Campo San Barnaba, 041.522.41.81

    Masques

    La Pietra filosofale, cette pierre philosophale est une mine d'or qui propose les plus beaux masques de cuir de Venise - et même les seuls à respecter tous les codes de la commedia dell'arte. Derrière son établi encombré et sa moustache encombrante, ce n'est pas un artisan qui taille le cuir, mais un artiste, enfantant un Polichinelle, un Arlequin, un Pantalone... A ne pas manquer.
San Marco Frezzeria, 00-39-041-528-58-85.
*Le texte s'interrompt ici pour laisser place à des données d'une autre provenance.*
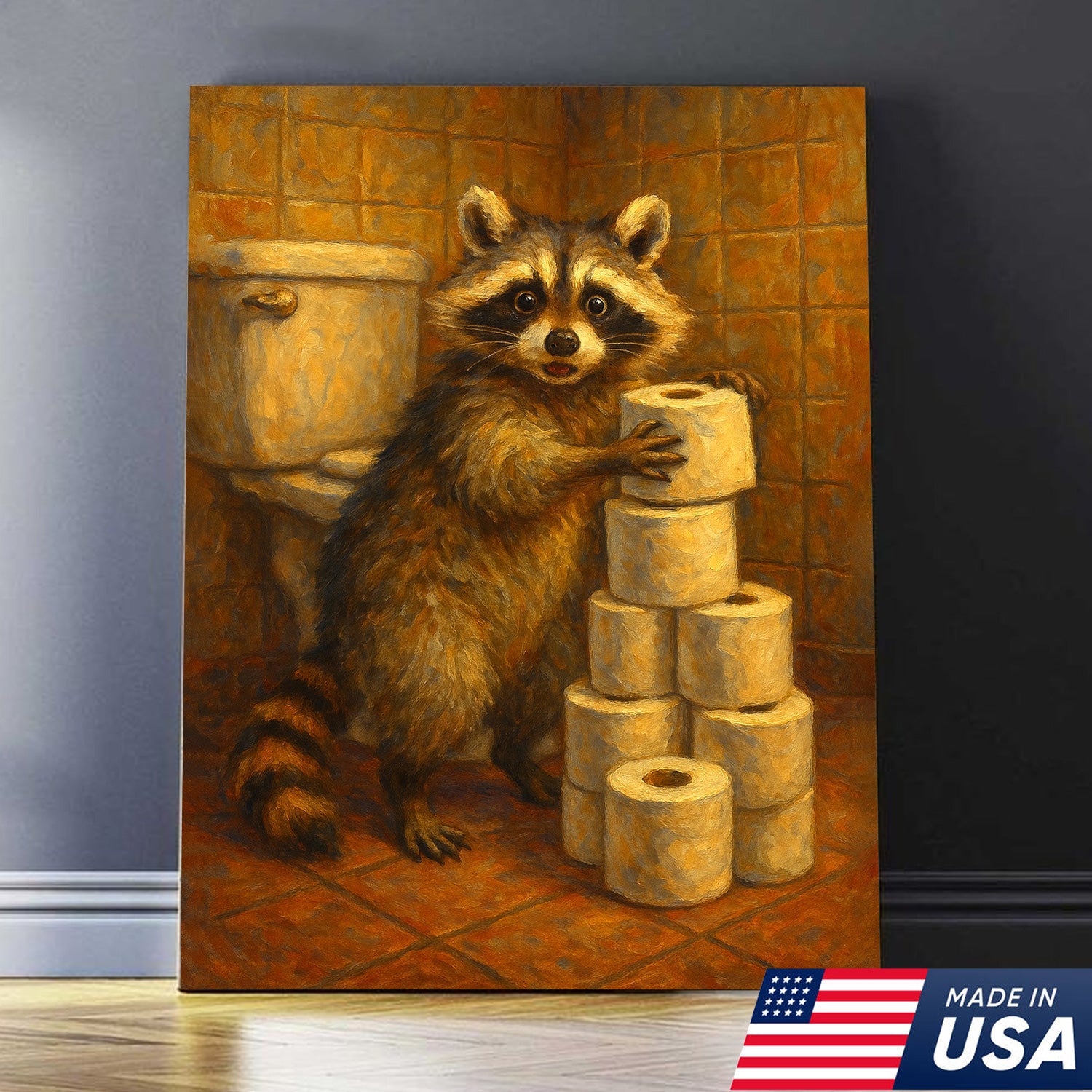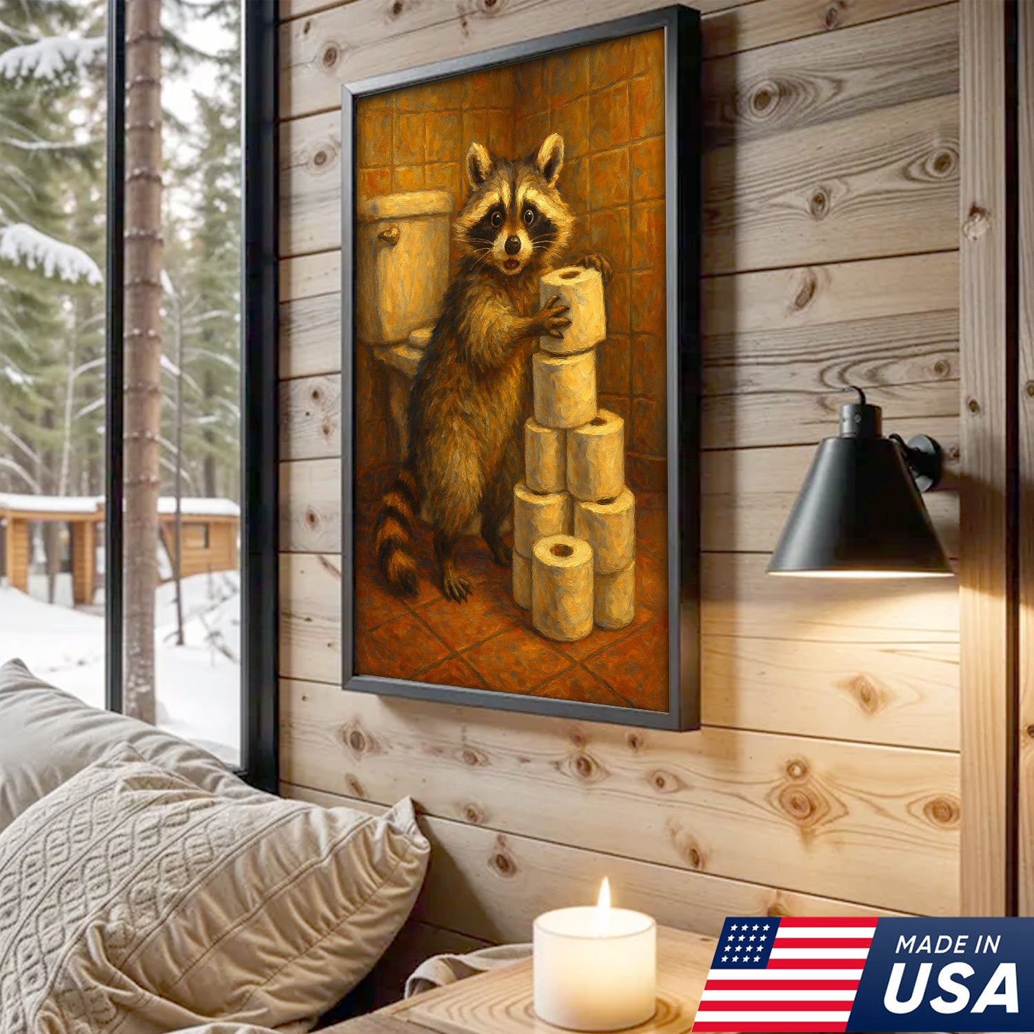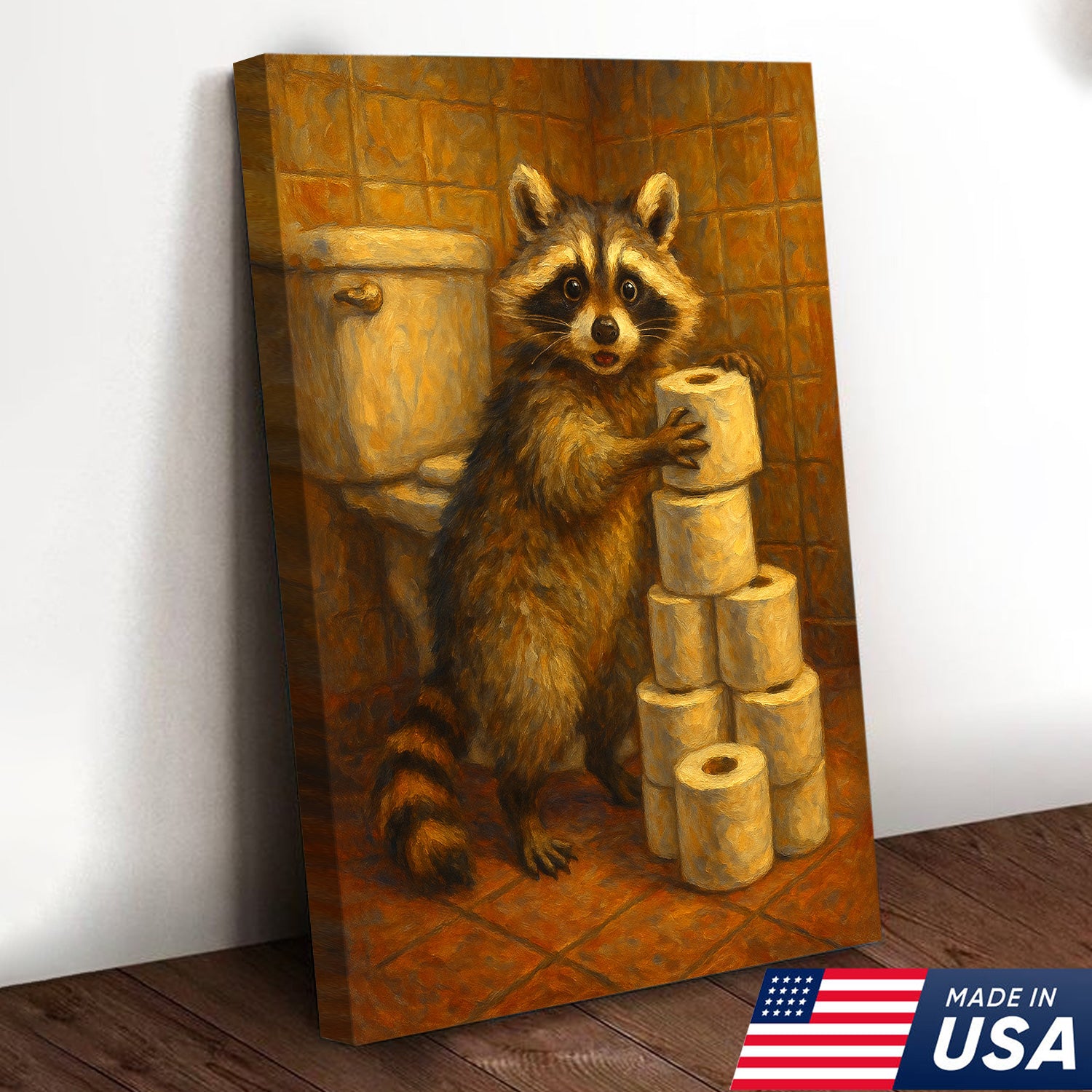 Funny Raccoon Canvas Wall Art – Cute Animal Bathroom Decor with Toilet Paper for Rustic Cabin & Home

    Atelier Marega, avec ses deux boutiques, cette enseigne donne dans le grand style XVIIIe siècle. Les masques sont assez communs, mais les costumes, à louer ou à vendre, sont sublimes et, rareté, on trouve ici des chaussures de style magnifiques.
Campo San Rocco, 041.522.16.34
Calle Larga, San Toma 041.71.79.66

    Il Canovaccio. Toute l'Arche de Noé est mise en masques par cette boutique, dans ce papier mâché si caractéristique, et peint à la main, qui en fait autant de pièces uniques. Les plus belles ? Le crocodile, la girafe et la licorne.
Castello, 041.521.03.93

    DÉGUSTER

    Casa del parmigiano. Tout, tout, tout le fromage italien joue une symphonie de saveurs dans cet établissement situé juste à côté du marché aux poissons et du "bossu" du Rialto, mascotte vénitienne. Le pecorino y est roi ( jetez-vous sur celui à la truffe et celui au safran), la scamorza affumicata y est reine. Et le prosciutto s'est fait une place au milieu des fromages.
Campo Bella Vienna, Rialto, 041.520.65.25

    Giacomo Rizzo. En allant du Rialto à la Ca'd'Oro, vous trouverez sur la gauche cette petite échoppe aux saveurs précieuses: huiles d'olive, sauces, truffes blanches, vinaigres balsamiques et, surtout, pâtes de toutes couleurs, tailles et formes -gondoles, Rialto, lettres et... pénis!
San Giovanni Crisostomo, 5778, Cannareggio, 041.712.23.31

    Le match des glaciers. Les gelati coulent à tous les coins de rue à Venise, mais la finale du championnat de la Sérénissime oppose Paolin (campo San Stefano) à Da Nico (Zattere). La pistache et le gianduiotto sont meilleurs chez le second, la vanille et l'After Eight chez le premier. Paolin veille plus tard, Da Nico a vue sur la Giudecca et sur les bateaux... A vous de choisir.

    DORMIR, SORTIR

    Hôtels

    Palazzo Stern, sur le Grand Canal, à côté de la Ca' Rezzonico -le musée du XVIIIe siècle-, cet hôtel est majestueux, de sa terrasse du rez-de-chaussée, qui s'avance sur l'eau, à son escalier bordé de fins piliers. Certaines chambres ont sur San Samuele une vue exceptionnelle. Et le vaporetto -lignes 1 et 2- est au pied de l'hôtel.
Dorsoduro, 041.277.08.69

    AD Place, à l'abri de la Fenice, le fameux Opéra, dans le repli d'un canal, cet établissement entortille jusqu'à une altana au panorama appréciable des chambres à la déco audacieuse.
Fondamenta della Fenice, 041.241.32.34

    Night-Club

    Piccolo mondo. Il n'y a pas de boîte de nuit à Venise. Ou plutôt, il y en a une, hélas ! Le Piccolo mondo, ce sont des banquettes d'un autre âge; une musique qui semble sortie d'un canular; un personnel vermoulu. Tout cela en fait une curiosité...
Dorsoduro, 041.520.03.71
    © Christophe Barbier / L'Express - 30/05/2011.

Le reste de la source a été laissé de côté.